§ TASK PROMPT
What you give back from the listing below should be an exact copy of the lines from the one with "3 PIECE BED" down to the one with "LOT: 42853257 VIN: 1N4AA6FV2MC510397", and it should contain no pictures.

BEGIN SOURCE RECORDS

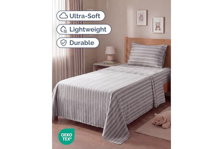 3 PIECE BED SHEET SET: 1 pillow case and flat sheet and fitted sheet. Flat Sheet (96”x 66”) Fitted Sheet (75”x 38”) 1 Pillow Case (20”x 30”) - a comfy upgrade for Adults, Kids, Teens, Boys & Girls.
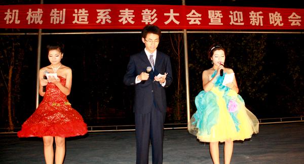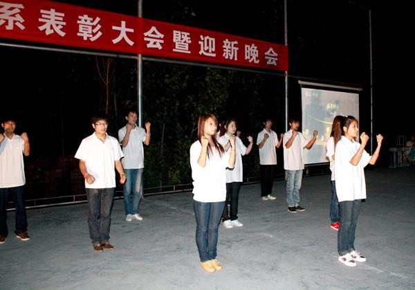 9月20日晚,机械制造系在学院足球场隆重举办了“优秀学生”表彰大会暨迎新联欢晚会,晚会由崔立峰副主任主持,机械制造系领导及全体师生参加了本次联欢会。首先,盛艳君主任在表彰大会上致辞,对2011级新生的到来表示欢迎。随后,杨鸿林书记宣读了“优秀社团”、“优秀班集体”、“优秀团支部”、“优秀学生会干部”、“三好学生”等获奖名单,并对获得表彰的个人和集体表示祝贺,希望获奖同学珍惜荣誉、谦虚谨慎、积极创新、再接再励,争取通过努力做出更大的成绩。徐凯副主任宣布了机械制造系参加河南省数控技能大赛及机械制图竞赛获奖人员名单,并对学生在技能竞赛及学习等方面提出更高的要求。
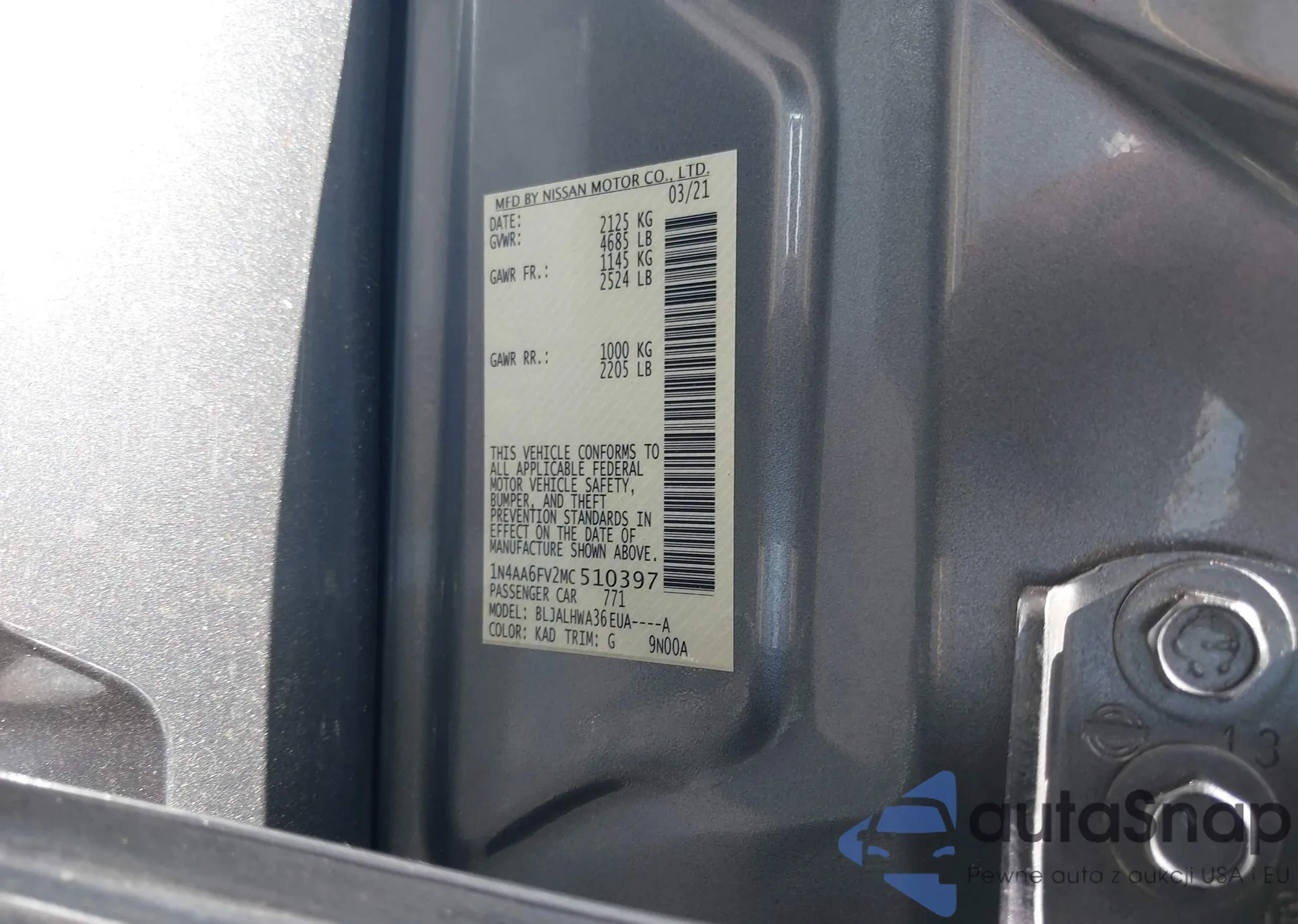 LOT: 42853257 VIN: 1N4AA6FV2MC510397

END SOURCE RECORDS
BEGIN SOURCE RECORDS

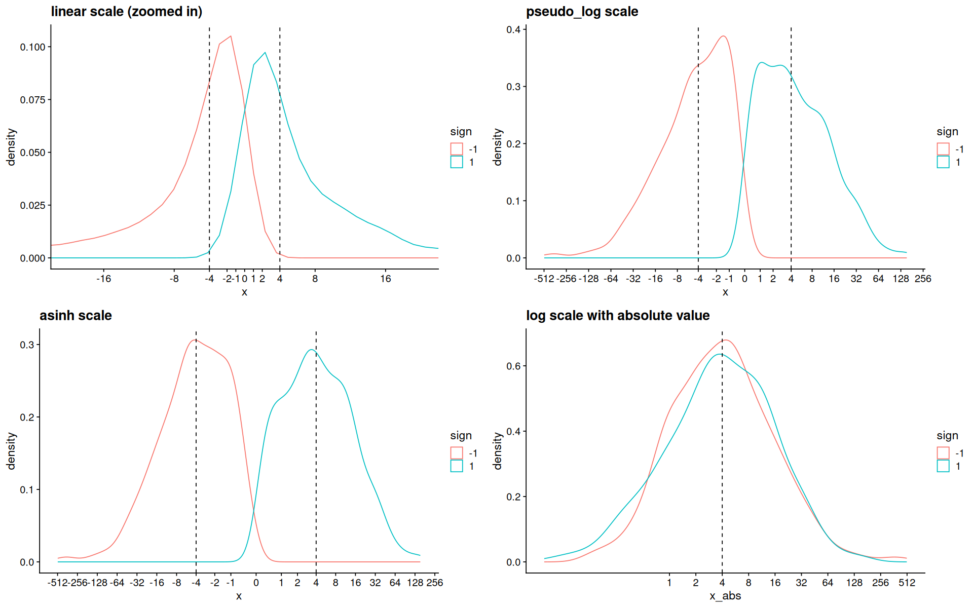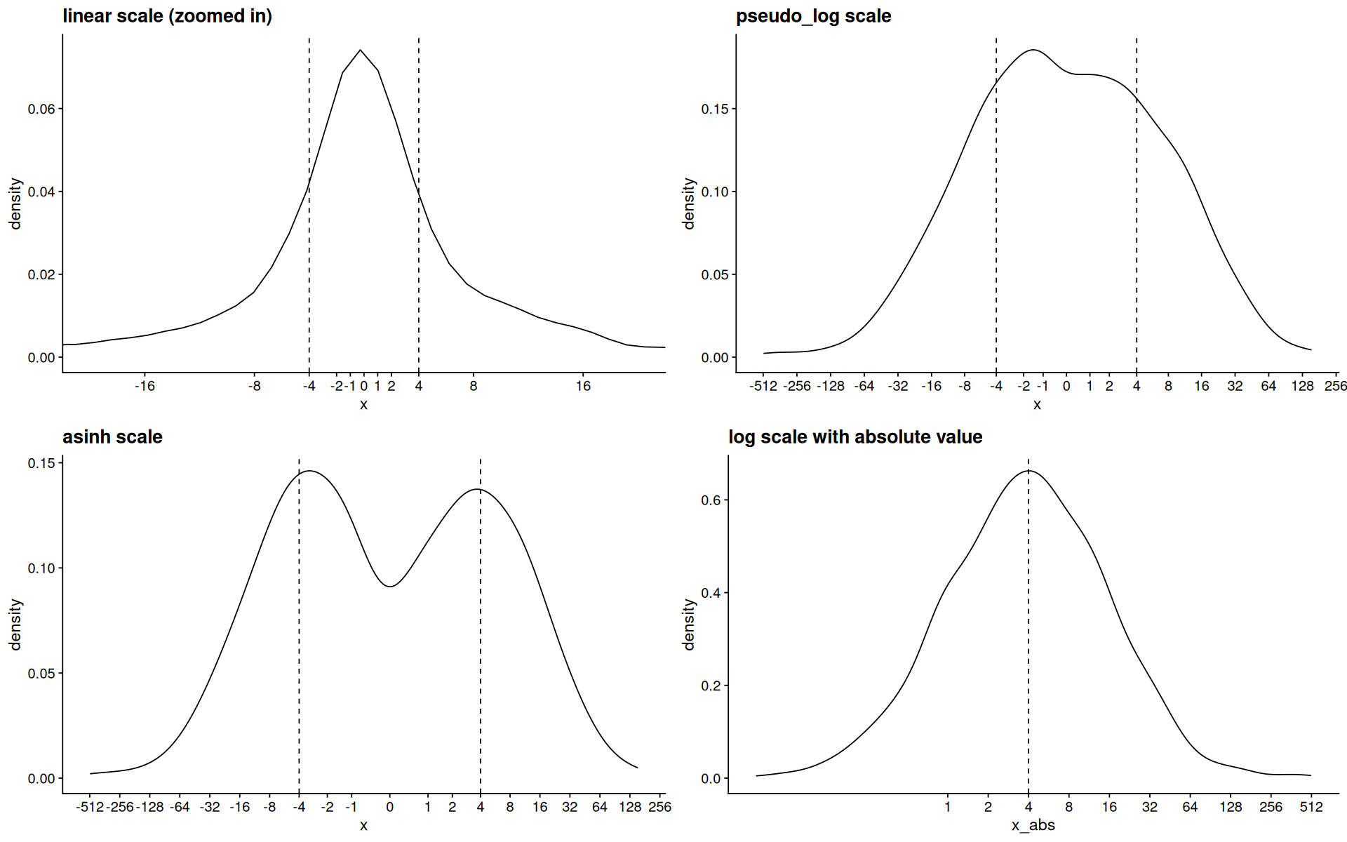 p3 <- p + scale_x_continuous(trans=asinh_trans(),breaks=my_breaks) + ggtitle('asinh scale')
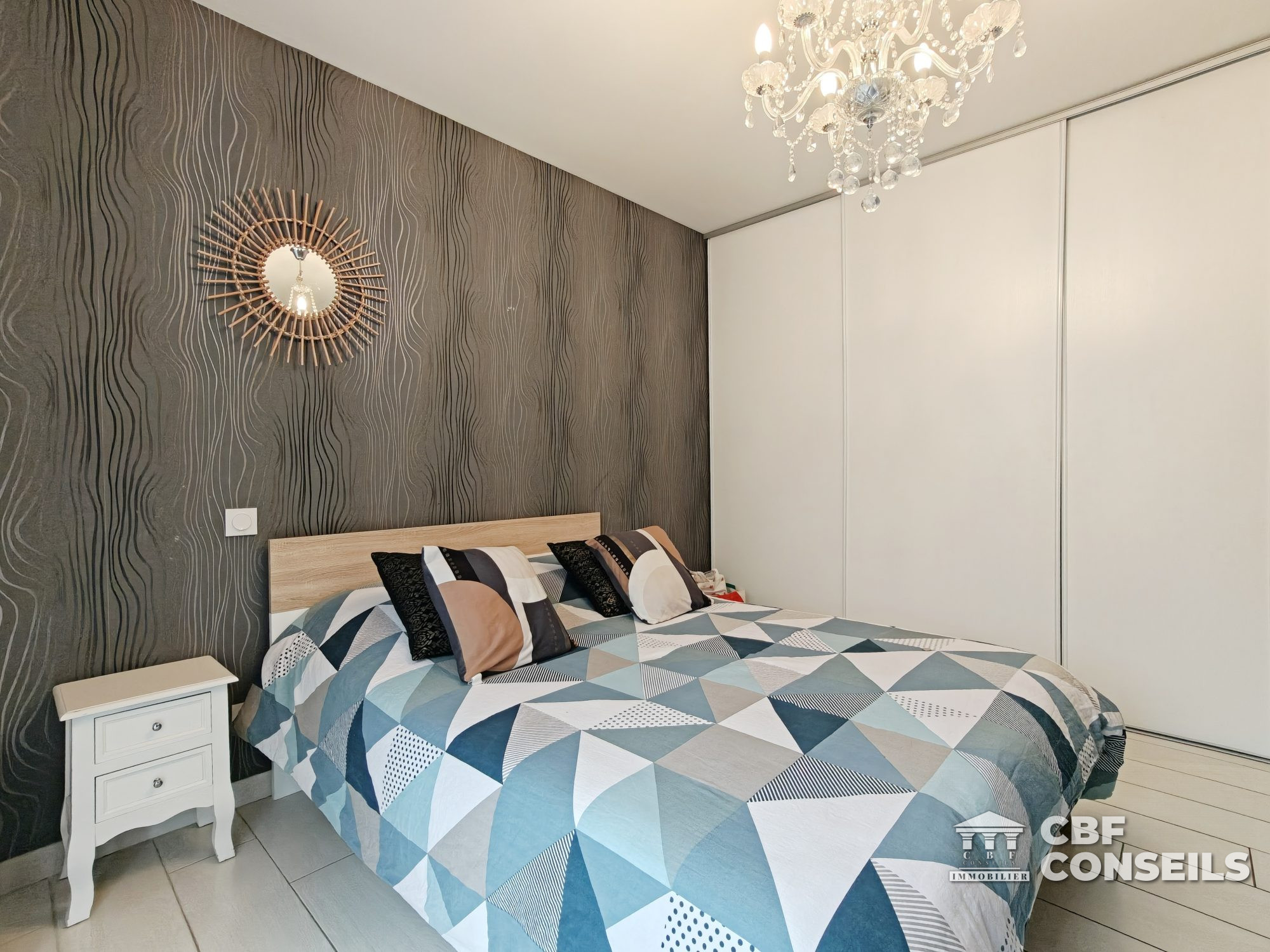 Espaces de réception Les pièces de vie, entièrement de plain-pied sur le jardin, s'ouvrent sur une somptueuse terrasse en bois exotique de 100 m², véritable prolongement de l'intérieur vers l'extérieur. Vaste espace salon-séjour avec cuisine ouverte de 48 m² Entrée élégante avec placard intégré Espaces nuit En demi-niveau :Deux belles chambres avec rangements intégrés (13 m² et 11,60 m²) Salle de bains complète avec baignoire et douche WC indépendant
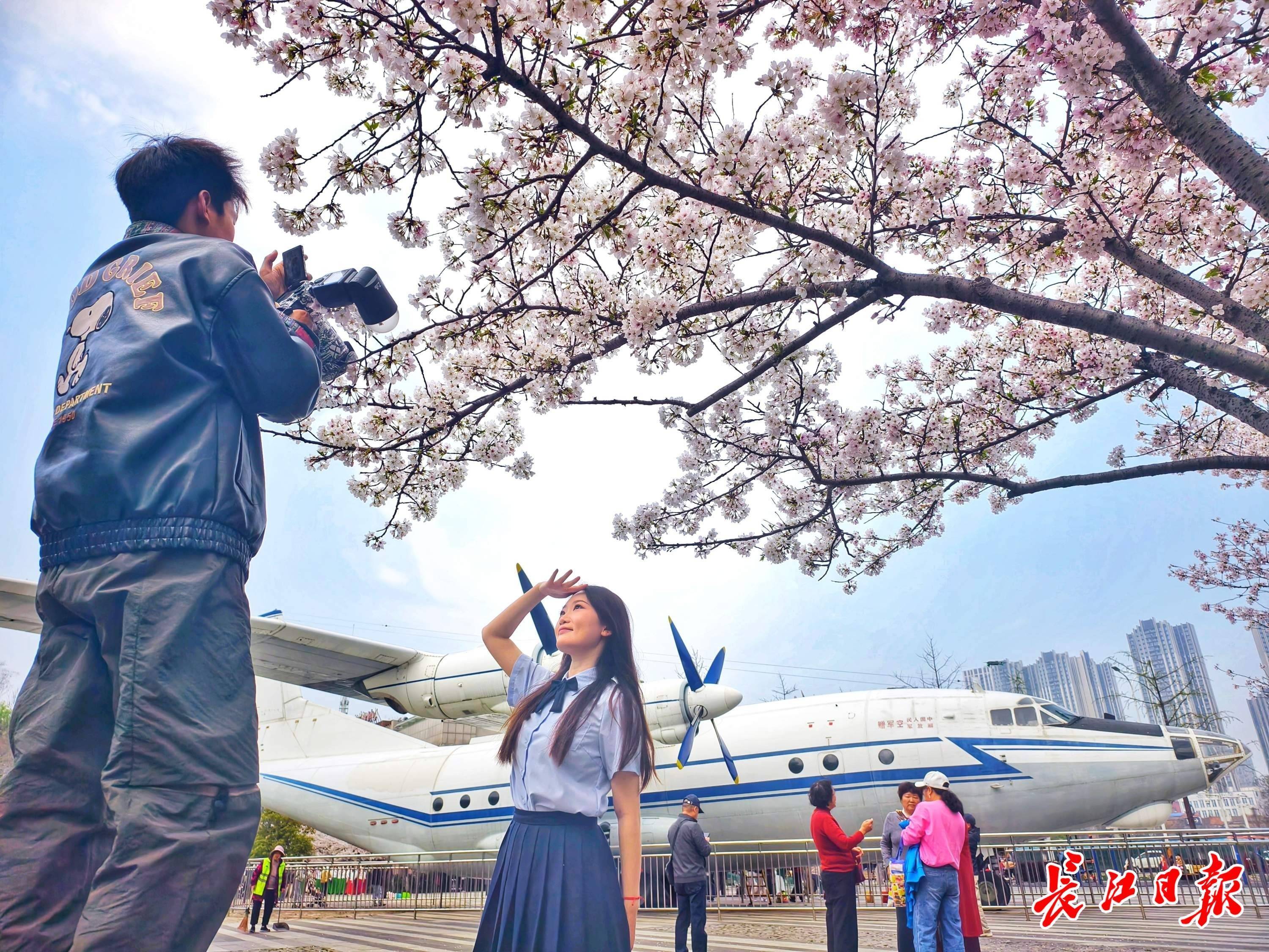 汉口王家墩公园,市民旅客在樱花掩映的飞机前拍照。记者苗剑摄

END SOURCE RECORDS
BEGIN SOURCE RECORDS

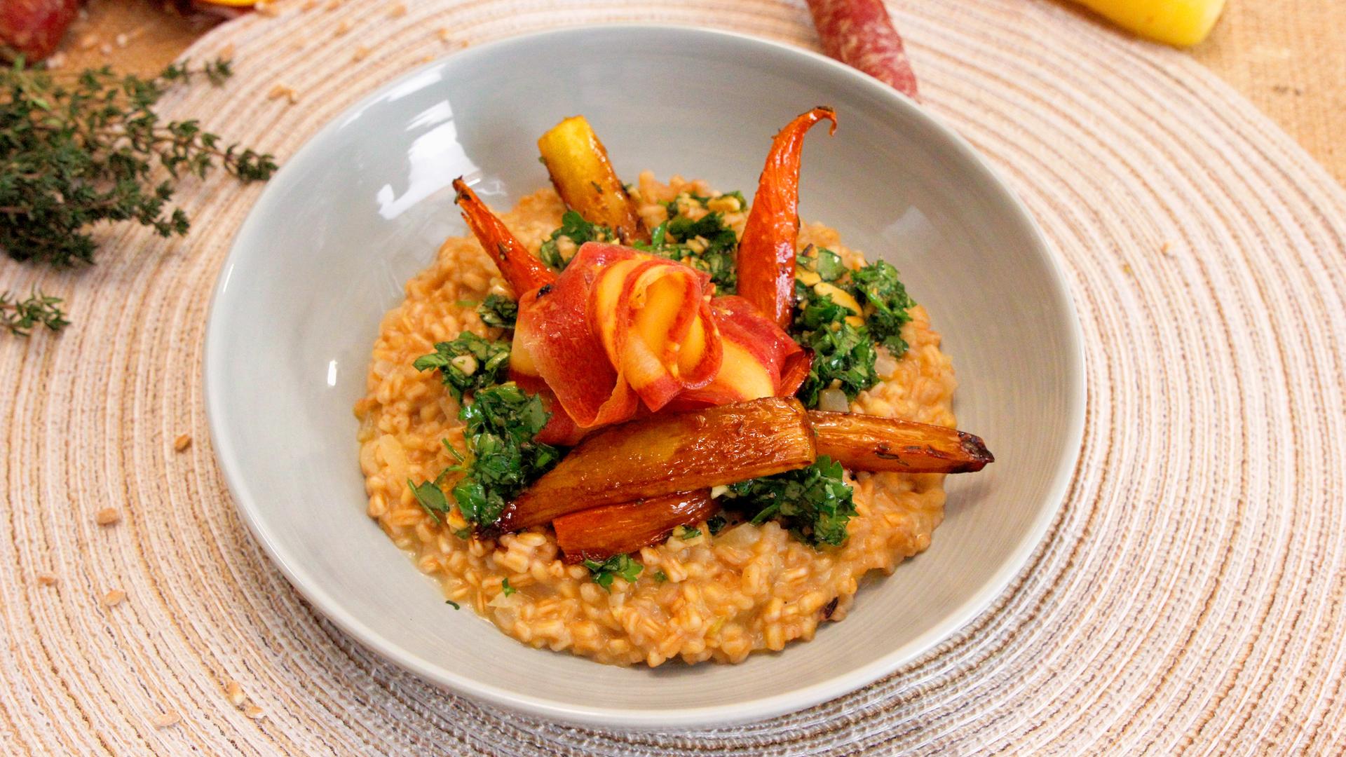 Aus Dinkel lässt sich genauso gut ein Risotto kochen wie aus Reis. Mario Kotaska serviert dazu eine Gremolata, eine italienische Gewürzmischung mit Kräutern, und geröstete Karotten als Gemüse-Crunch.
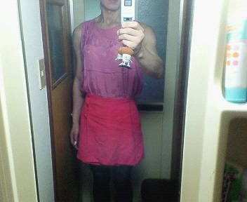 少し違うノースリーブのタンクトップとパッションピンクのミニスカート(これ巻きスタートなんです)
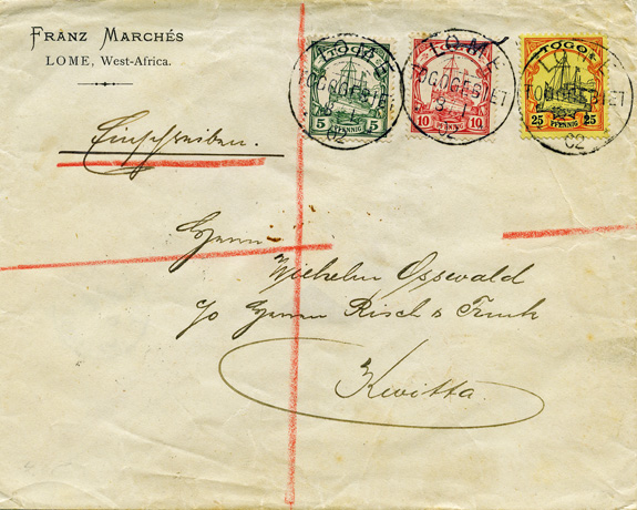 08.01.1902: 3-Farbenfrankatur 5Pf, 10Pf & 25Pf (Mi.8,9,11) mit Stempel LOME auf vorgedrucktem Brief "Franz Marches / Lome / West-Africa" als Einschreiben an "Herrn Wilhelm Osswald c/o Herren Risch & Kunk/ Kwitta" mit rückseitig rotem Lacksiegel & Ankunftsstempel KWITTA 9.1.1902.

END SOURCE RECORDS

§ EXPECTED OUTPUT
 3 PIECE BED SHEET SET: 1 pillow case and flat sheet and fitted sheet. Flat Sheet (96”x 66”) Fitted Sheet (75”x 38”) 1 Pillow Case (20”x 30”) - a comfy upgrade for Adults, Kids, Teens, Boys & Girls.
 9月20日晚,机械制造系在学院足球场隆重举办了“优秀学生”表彰大会暨迎新联欢晚会,晚会由崔立峰副主任主持,机械制造系领导及全体师生参加了本次联欢会。首先,盛艳君主任在表彰大会上致辞,对2011级新生的到来表示欢迎。随后,杨鸿林书记宣读了“优秀社团”、“优秀班集体”、“优秀团支部”、“优秀学生会干部”、“三好学生”等获奖名单,并对获得表彰的个人和集体表示祝贺,希望获奖同学珍惜荣誉、谦虚谨慎、积极创新、再接再励,争取通过努力做出更大的成绩。徐凯副主任宣布了机械制造系参加河南省数控技能大赛及机械制图竞赛获奖人员名单,并对学生在技能竞赛及学习等方面提出更高的要求。
 LOT: 42853257 VIN: 1N4AA6FV2MC510397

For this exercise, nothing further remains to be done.